The negotiations for a reinstatement occurred between Johnson and the Denver office. They began with a letter of January 29, 1927, in which it called his attention to the lapse of the policy and offered to advise him as to its terms for reinstatement. The next day he answered that letter acknowledging its contents, adding he had been unable to take the note up before it was due, he had asked the company to extend the note, it had agreed to do that on payment of $300, he had remitted the amount by draft, had been ill, etc., he would not like to have the policy lapse, yet he didn’t blame the company as it was a matter of business, and concluded he would appreciate any requirement he could meet to have his policy reinstated. That draft was never received by the company. On February 5, 1927, the company wrote him, enclosing for the purpose of reinstatement blank forms for his report and án examina^ tion by his physician, and stating that upon its receipt and approval and the payment of the note, the company would give the reinstatement its attention, and if payment was inconvenient, he could remit $500 on account and the note would be renewed to April 11, 1927. On February 12, 1927, he wrote the company he would comply. On February 24, 1927, he sent the company a draft for $500 and application, consisting of his own report and that of Dr. Perkins, his physician, noting the extension was given until May first and asking permission to make semi-annual payments. That letter was received by the company on February 26. Johnson died two days later. On Mareh 2, 1927, the company addressed a letter to him, saying that its medical board requested, without prejudice to Dr. Perkins, an examination by Dr. Knight, due to the amount of insurance involved, and on the same day it requested that examination. Also, on that day, the Oklahoma City office mailed to the company a notice of Johnson’s death, which was the first notice it had of the fact. On Mareh 18,1927, the company mailed the draft for $500 to Johnson’s address.

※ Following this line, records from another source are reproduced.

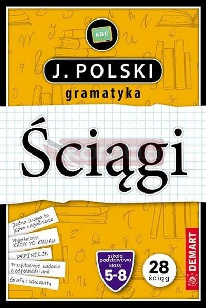Ściągi. Język polski. Gramatyka, czyli pierwsza pomoc w domu i w szkole dla uczniów klas IV-VIII w szkole podstawowej. Pakiet 28 dwustronnych, kolorowych, starannie graficznie opracowanych ściąg-kart edukacyjnych obejmuje wszystkie ważne tematy z zakresu gramatyki języka polskiego uwzględnione w podstawie programowej. Jedna karta dotyczy jednego tematu. Format ściąg jest nieprzypadkowy mają się zmieścić w zeszycie i być podpowiedzią wyjaśniającą i podsumowującą prezentowane zagadnienie krok po kroku. Wiele zagadnień ilustrują poglądowe grafy i schematy.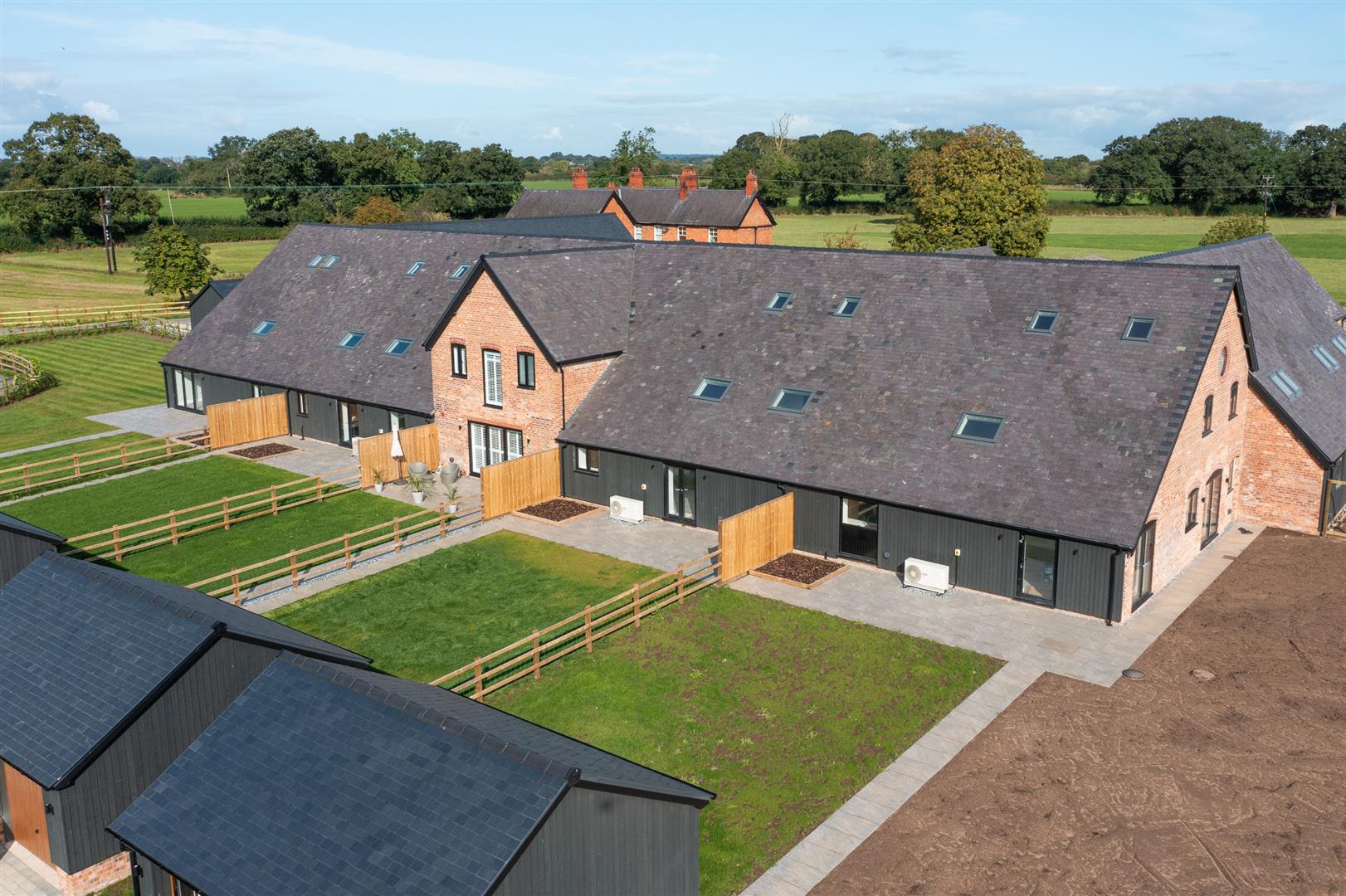 The specification of the barns includes, but is not limited to, the following: Air source heat pumps, Underfloor heating, Double garages with electric doors, Beautifully designed kitchens with Neff appliances, boiler taps and wine cooler, Lutron lighting in kitchen, diner, living area, Sonos integrated ceiling speakers to kitchen, diner, living area, Fiber broadband direct to each property, 10 years structural warranty, Electric charging points for cars, Electric gates.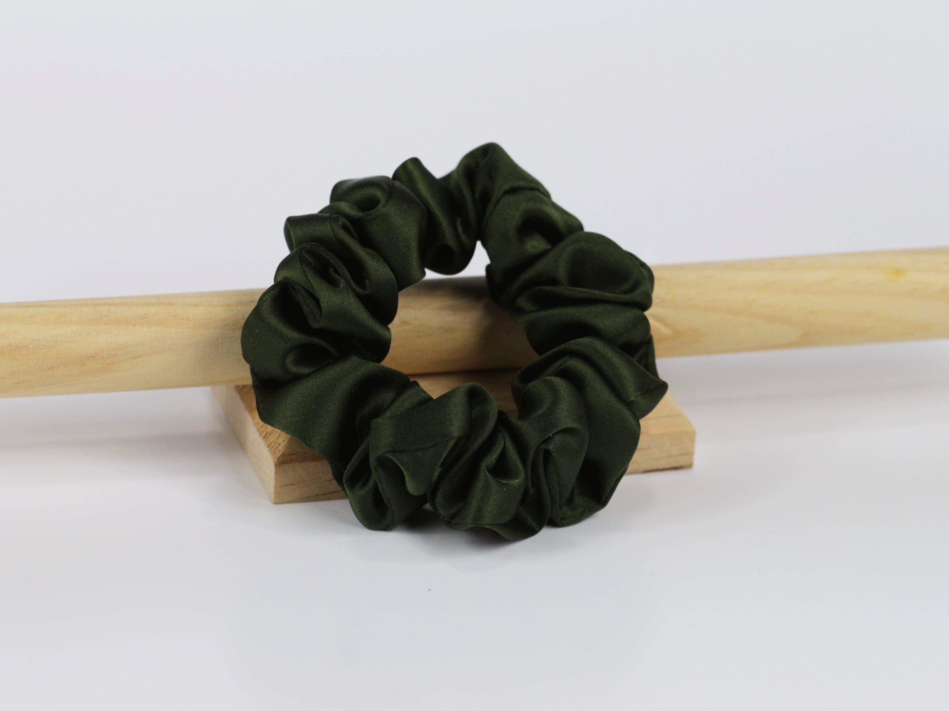 Jedwabna scrunchie SMALL - butelkowa zieleń
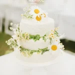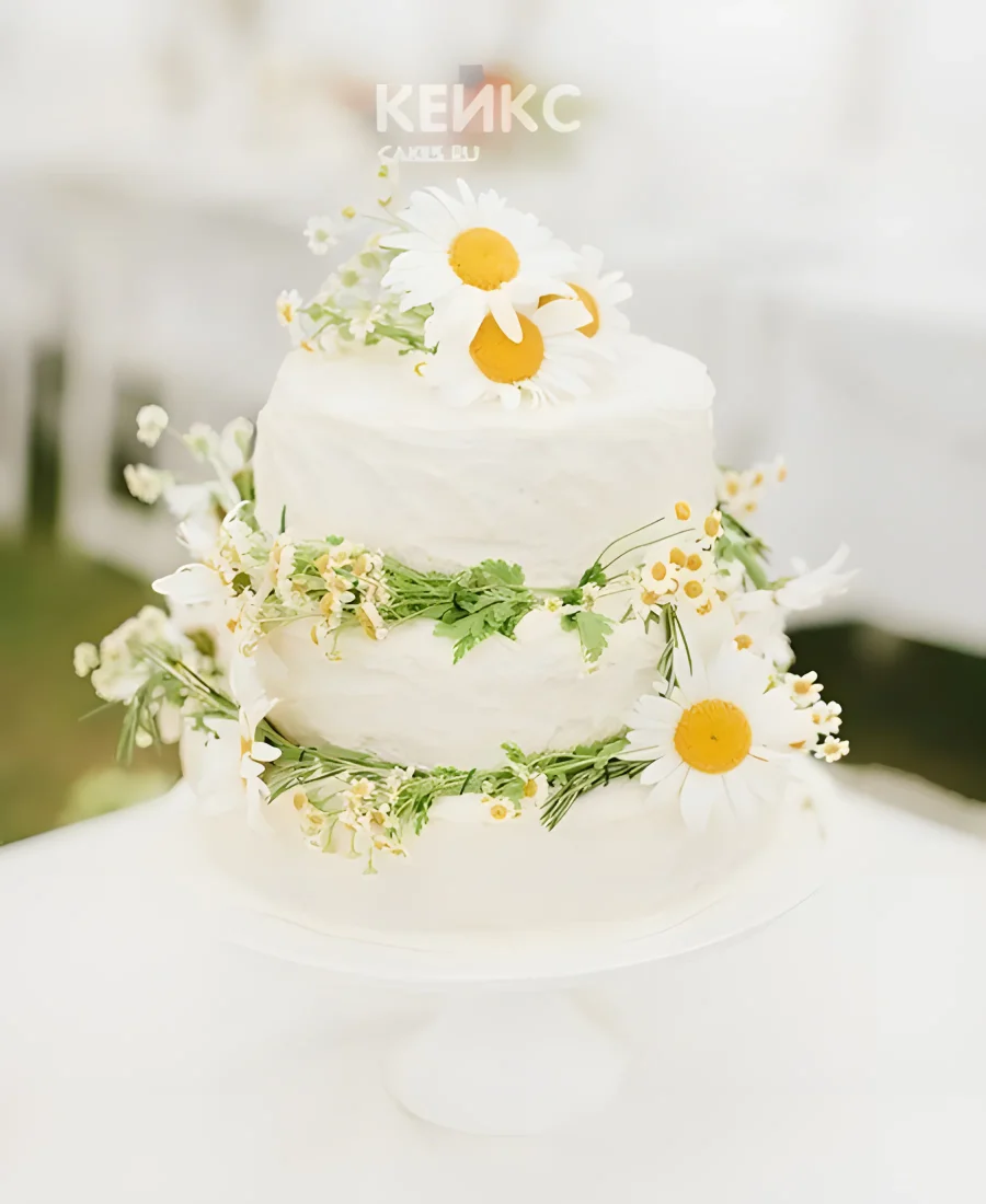 Маленький свадебный торт украшенный большими и маленькими ромашками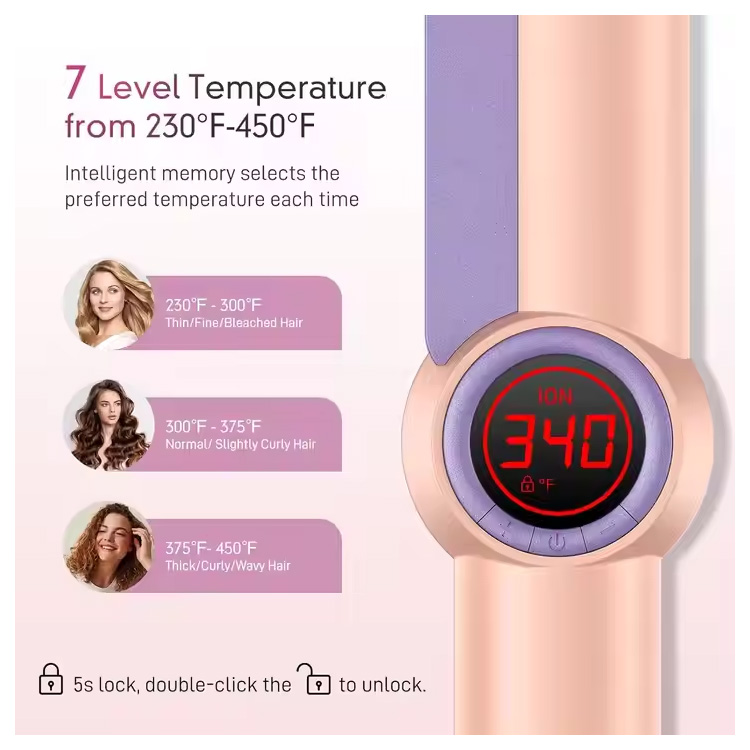 राम्रो, मध्यम, वा मोटो कपाल अनुरूप अनुकूलन गर्न मिल्ने ताप सेटिङहरू। चाहे तपाईं सीधा गर्दै हुनुहुन्छ, कर्ल गर्दै हुनुहुन्छ, वा लहराउनुहुन्छ, तपाइँ गर्मीको क्षतिको जोखिम बिना कुशलतापूर्वक शैलीको लागि आदर्श तापमान चयन गर्न सक्नुहुन्छ।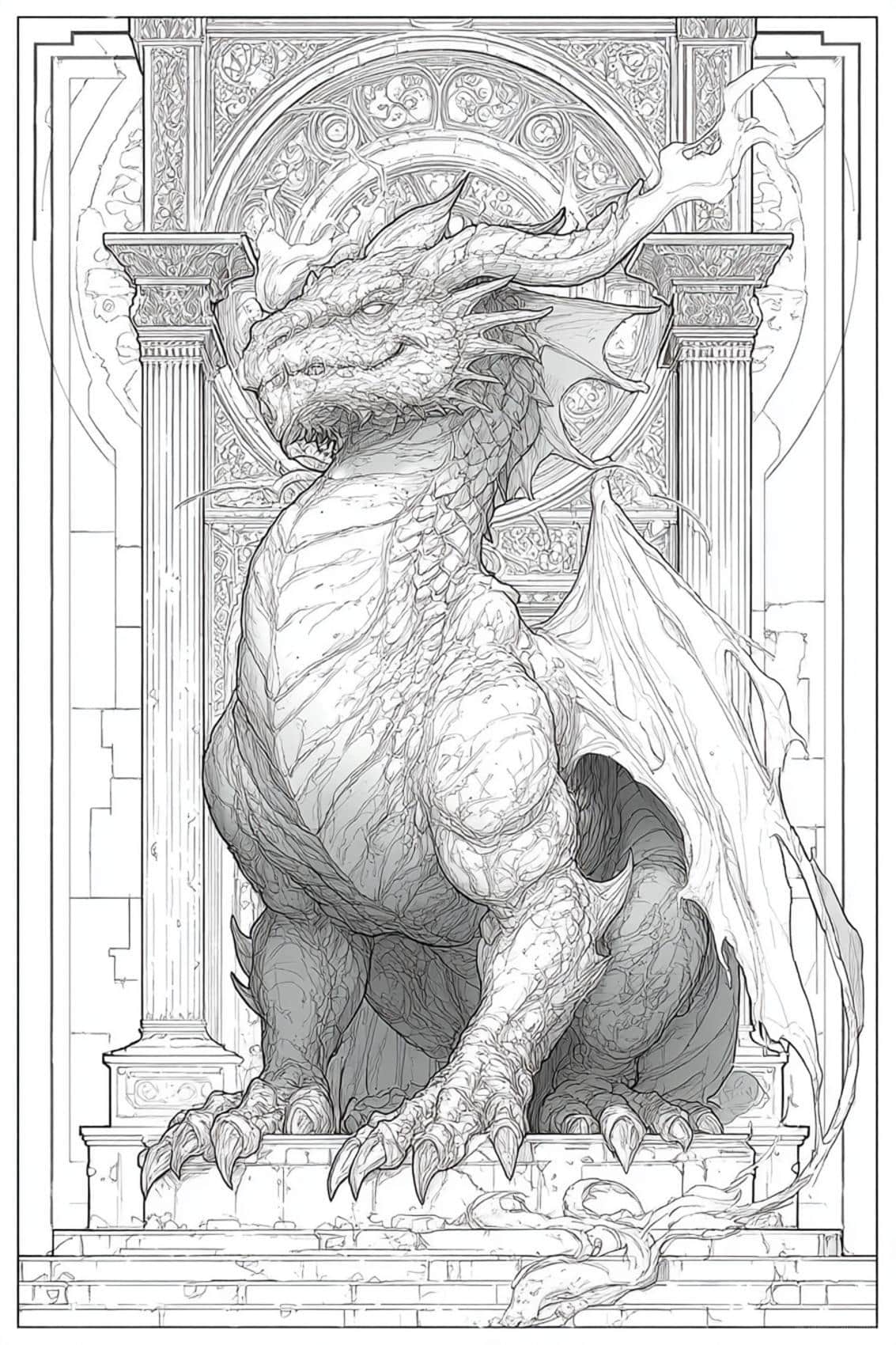 Let your imagination soar as you color elegant dragons swooping through the clouds, their wings stretched wide in the open sky. The grace and power you add to these Dragon Pencil Drawings will make each page come alive with movement and wonder.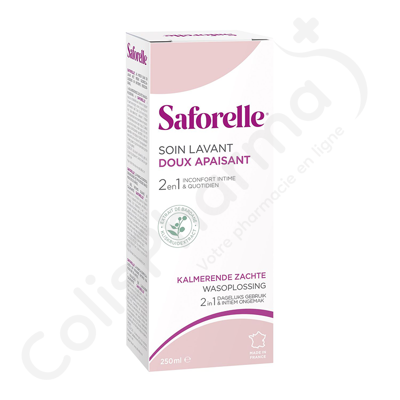 Saforelle Soin lavant est un gel intime qui protège et apaise la peau. Ce gel lavant a un pH adapté, une formulation enrichie en Bardane et en agent surgras. Cela rend ce nettoyant intime adapté à un usage quotidien ou efficace en cas d'irritations.

The company did not fail to act in a reasonable time. It did act promptly, but did not approve the application, because it was not a satisfactory showing, as required by the policy. His letters had disclosed his ill health. There was no reference in the application to any present affliction, although he lived but four days after he mailed the application. He was doubtless in extremis; and the trial court so found. The company was entitled at its option to a further medical report by its own examiner in keeping with the policy. It was certainly not bound to accept a report in which his true condition was concealed. Equitable Life Assur. Society v. McElroy, supra. A different question would arise if the company had proposed absolutely to accept the report of the assured, and then failed to act upon it. The authorities cited by counsel for the executor are inapplicable, because they are based on such a proposal.'
In order to procure a reinstatement of the policy in suit, an application to reinstate and an acceptance thereof were necessary. Equitable Life Assur. Soc. v. McElroy, supra; International Life Ins. Co. v. Mowbray (C. C. A.) 22 F.(2d) 952; Wastun v. Lincoln Nat. life Ins. Co. (C. C. A.) 12 F. (2d) 422. Those essentials were not shown in this case. The mere retention of the application was not sufficient for the purpose. Davis v. N. Y. Life Ins. Co., 47 F.(2d) 1051 (8 C. C. A., Mar. 11, 1931); Kan. City Life Ins. Co. v. Phillips, 31 Ariz. 122, 250 P. 882. The company was put in the possession of the application and draft as an attempted com-' plianee with the requirements imposed. There was no occasion for a return of them pending the negotiations, and the assured did not ask it. Besides, he was in no way misled, as he knew he was bound to satisfy the company of his insurability. There was no undue delay in returning the draft. It was held only two days before his death. Its retention thereafter was not prejudicial, as in that period a compliance with the conditions of reinstatement was impossible and was not attempted.